=== The task ===
A verbatim copy of all the data is required; the pictures should not appear in it.

(Recorded data)

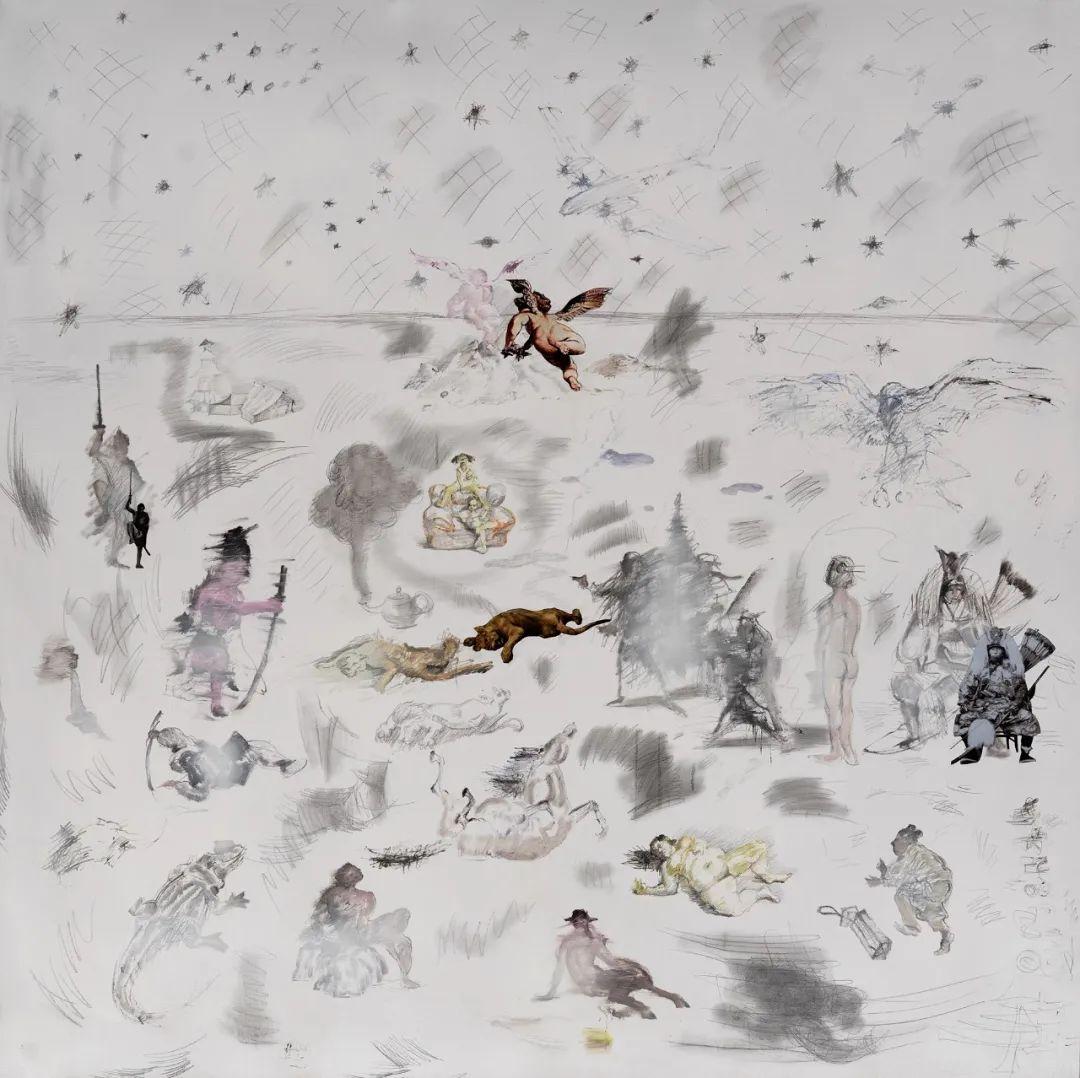 Ma Bing, In the boundless dusk, Heraclitus Aristotle Plato and Leucippus wandered aimlessly, none of them could see each other, Oil on Canvas, 200x200 cm, 2020
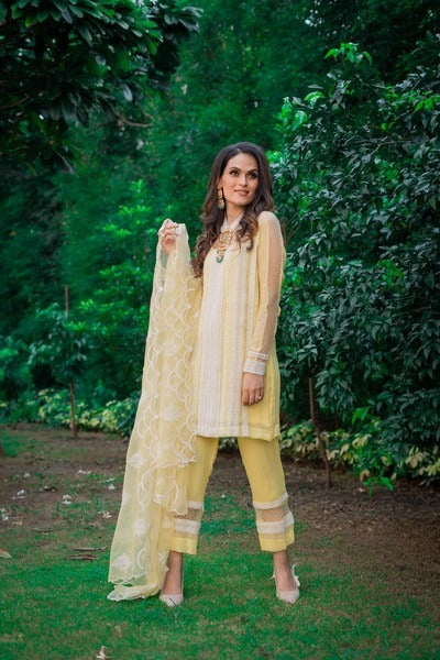 Loose fit short suit with ankle length pants. Thread work on dupatta and appliqué lace detailing on suit and pants.
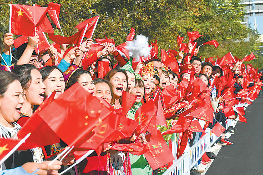 9月25日中午,习近平总书记在乌鲁木齐出席新疆维吾尔自治区成立70周年庆祝活动后,乘专机返回北京。在乌鲁木齐市区和机场,新疆各族群众热情欢送习近平总书记。 (据新华社)

(End Recorded data)

=== Solution for this task ===
 Ma Bing, In the boundless dusk, Heraclitus Aristotle Plato and Leucippus wandered aimlessly, none of them could see each other, Oil on Canvas, 200x200 cm, 2020
 Loose fit short suit with ankle length pants. Thread work on dupatta and appliqué lace detailing on suit and pants.
 9月25日中午,习近平总书记在乌鲁木齐出席新疆维吾尔自治区成立70周年庆祝活动后,乘专机返回北京。在乌鲁木齐市区和机场,新疆各族群众热情欢送习近平总书记。 (据新华社)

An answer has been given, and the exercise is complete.